One of the motivations stated for Victor's proposed resolution is to
avoid the overhead of loading these facets. It would be helpful to
understand 1) what the overhead cost is in practice (presumably enough
for someone to have noticed it and for Victor to have reported it), and
2) whether implementors would actually change their implementations.

codecvt specializations may be used as base classes of user-defined
class types that perform some kind of specialized conversion. It is
therefore possible for a std::locale object to be constructed such that
the facet returned by, for example, use_facet<std::codecvt<char16_t,
char, mbstate_t>>(loc), implements a conversion between UTF-16 and a
locale dependent encoding. Removing the noted specializations would
technically be a breaking change due to impact to has_facet and use_facet.

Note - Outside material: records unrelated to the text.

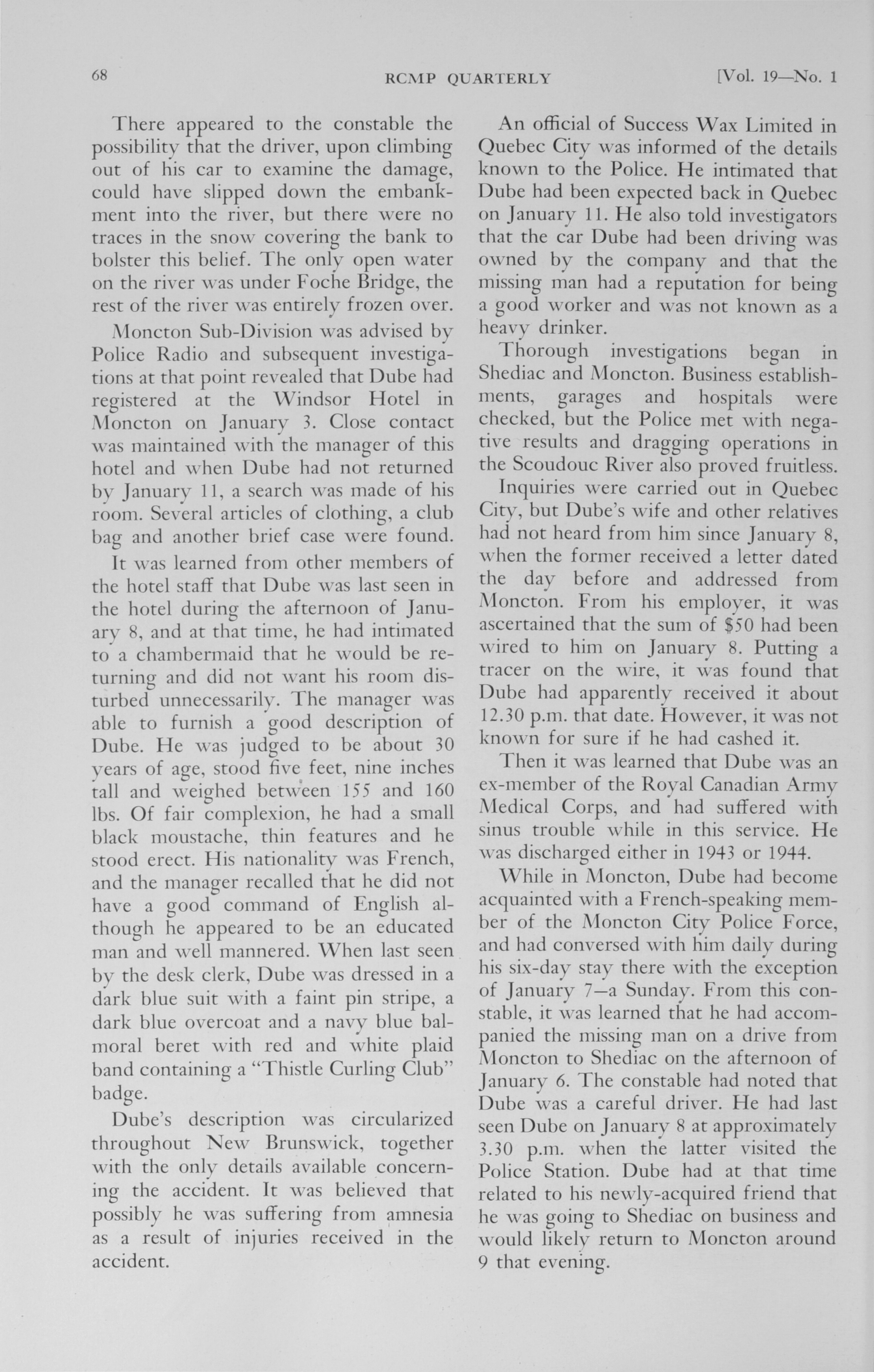 Royal Canadian Mounted Police quarterly: Vol. 19, No. 1 (July, 1953)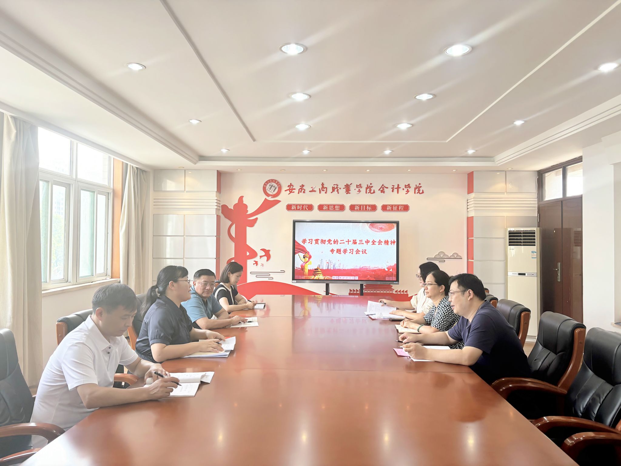 8月31日下午,会计学院二级理论学习中心组在明德楼二楼党建会议室召开学习会议,专题学习党的二十届三中全会精神。二级理论学习中心组成员参加学习,党总支书记赵艳同志主持理论学习会。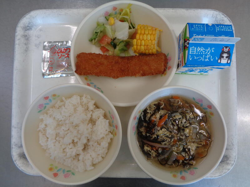 麦ご飯 牛乳 海のお野菜スープ 太刀魚フライ サラたまドレッシング とうもろこし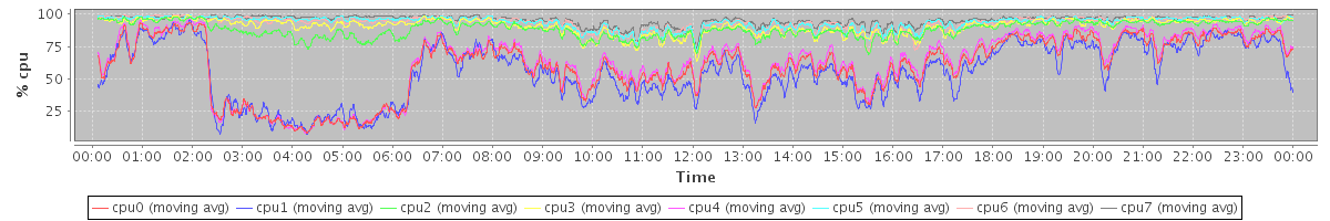 avg(cpu0) = 1.28 avg(cpu1) = 1.18 avg(cpu2) = 0.88 avg(cpu3) = 0.75 avg(cpu4) = 1.02 avg(cpu5) = 0.52 avg(cpu6) = 0.48 avg(cpu7) = 0.36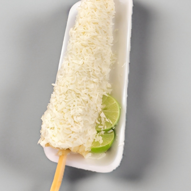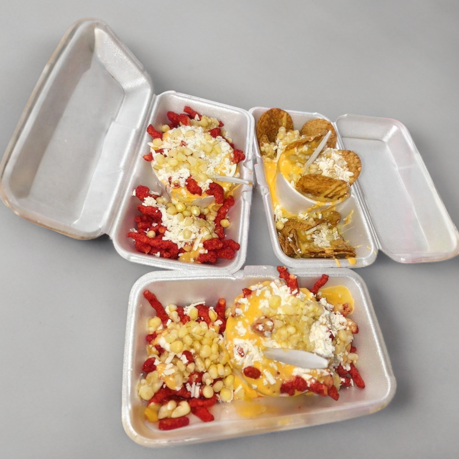 Elote entero forrado de chettos flamin y bañado con queso amarillo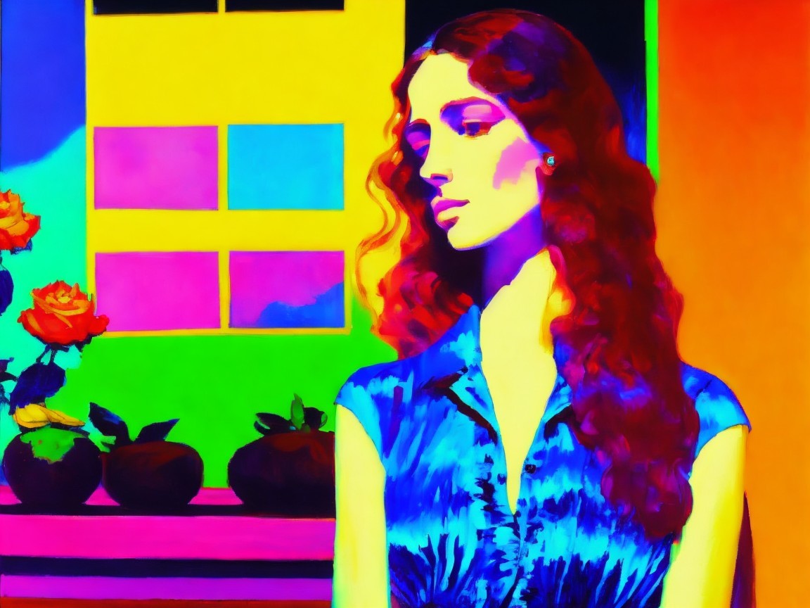 A young woman with long, flowing brown hair gazes thoughtfully toward the viewer. She wears a vibrant blue shirt, set against a colorful, abstract background featuring large windows and flowers.

Our goals when discussing this issue will be to determine 1) whether we
have a clear direction for a change, and 2) whether there is consensus
for spending time addressing the issue.

  LWG #3412: §[format.string.std] references to "Unicode encoding"
  unclear <https://cplusplus.github.io/LWG/issue3412>

This issue was reported by Hubert a couple of years ago and it bravely
asks the question of what is meant by "Unicode encoding" in various
parts of [format.string.std]
<https://eel.is/c++draft/format.string.std>. The Unicode standard
specifies three Unicode encoding forms and seven Unicode encoding
schemes. But what about UTF-7, UTF-EBCDIC, and GB18030? Do these count
as Unicode encodings for the purposes of the C++ standard? The LWG issue
does not provide a proposed resolution.

Our goals for this issue will be 1) to determine whether we have a clear
understanding of the intent and consensus for a resolution direction,
and 2) to identify someone willing to draft a proposed resolution.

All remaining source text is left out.